Doctors may cause parents to become more persistent in the following situations. a) When the latter are not adequately informed or when they are overinformed: While all participants (e.g., P1, P2, P3, P9, P12, P13, P14, P15, P17, P19) expressed the view that parents should be provided with sufficient information, some participants expressed the view that parents should not be provided with overwhelming information regarding everything might be relevant to their decision: I don’t want to have them face my dilemmas and queries. Their own load is enough (P18). Besides, they have no scientific grounding (P3). b) When neonatologists invest excessive effort into the task of providing (“futile”) treatment to the infants, thus offering parents only a small amount of hope and encouraging them to develop the forlorn hope that their infant may survive (P15). c) When neonatologists show parents that they are merely doing their job: Basically, what parents need is to show that you personally care about their child and them and that you don’t simply do your job (P18). The great majority of parents look you in the eyes and wish to see that you care about their child and them (P20). Finally, d) when doctors create close emotional relationships with parents. Therefore, some participants noted that they kept parents at a distance (e.g., by speaking to them in the plural form) to avoid encouraging them to become more demanding or to prevent themselves from being involved with parents’ emotions (P17, P19). As Participant P4 noted, The more you associate with the parents and the more you get emotionally involved with them, the higher the moral pressure is (P4). Similarly, another participant noted that with parents, I keep a safe distance, to tell the truth. I don’t want to be very close to them as they can be pressing and insistent. They cross the line sometimes. They try to influence your judgement while they are driven by emotion (P19). Participants P17 and P20 expressed similar claims.

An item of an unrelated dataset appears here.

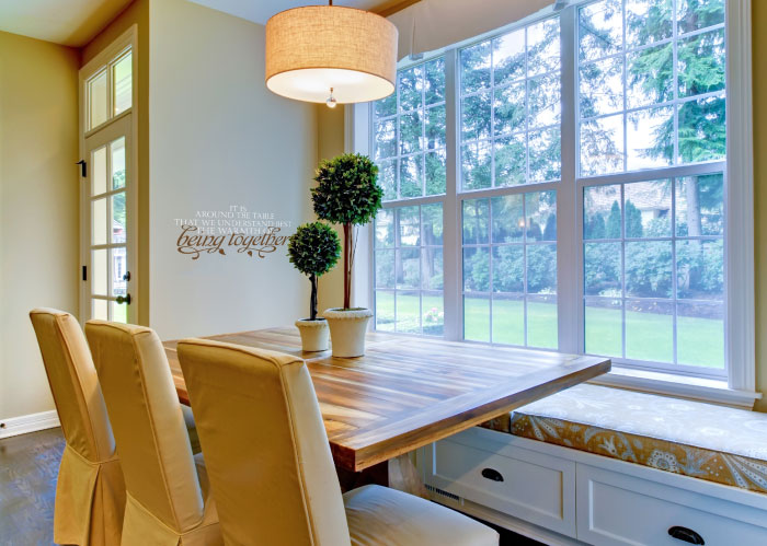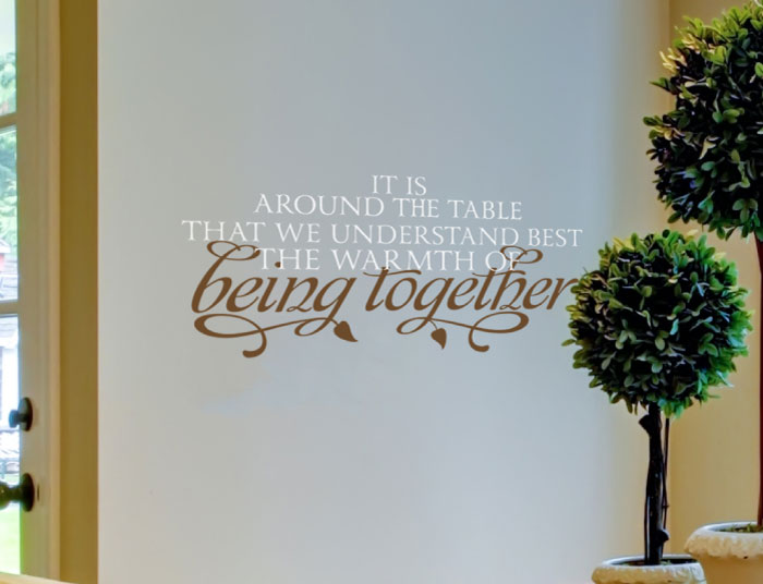‘It is around the table that we understand best the warmth of being together’ wall words are dining room friendly. They are also custom made to fit into your style! We chose them for this stunning space shown in the photo. The theme here is outdoors based. We chose colors for the lettering that tie in to this style. They also complement the furniture in the room: Parsons styled chairs, wooden dining table and the potted Bonsai plants. Your friends and family will enjoy the dining experience that is aptly described by the eye catching message on the wall!

Furthermore, if parents do not take a clear stance on their infant’s treatment (e.g., because they are ill-informed) or do not share any decision-making responsibility, they do not contribute to the task of mitigating the neonatologists’ uncertainty distress. When parents show confidence in neonatologists to such an extent that they place considerable emphasis on neonatologists’ freedom to make decisions on their own, their contribution to the decision-making process is left to the discretion of the neonatologists, who “know better”. Thus, when parents offer neonatologists broad discretion to make a decision regarding resuscitation or treatment, the degree of neonatologists’ uncertainty remains high. Moreover, parents’ concerns may underlie their hesitancy towards neonatologists, which are expressed through nonverbal communication. For instance, as one participant noted, When parents are critical, sceptical and distrustful towards me and I can see doubt in their eyes, then I feel psychologically stressed, and I try to inform them properly. I want both of them to be aware, to be part of the decision that must be made and share the load, the moral burden, the biomoral burden of the responsibility (P13).
In summary, parents may cause neonatologists to feel constraint distress. On the other hand, parents may be supportive of the neonatologist’s decision and thus mitigate their uncertainty distress.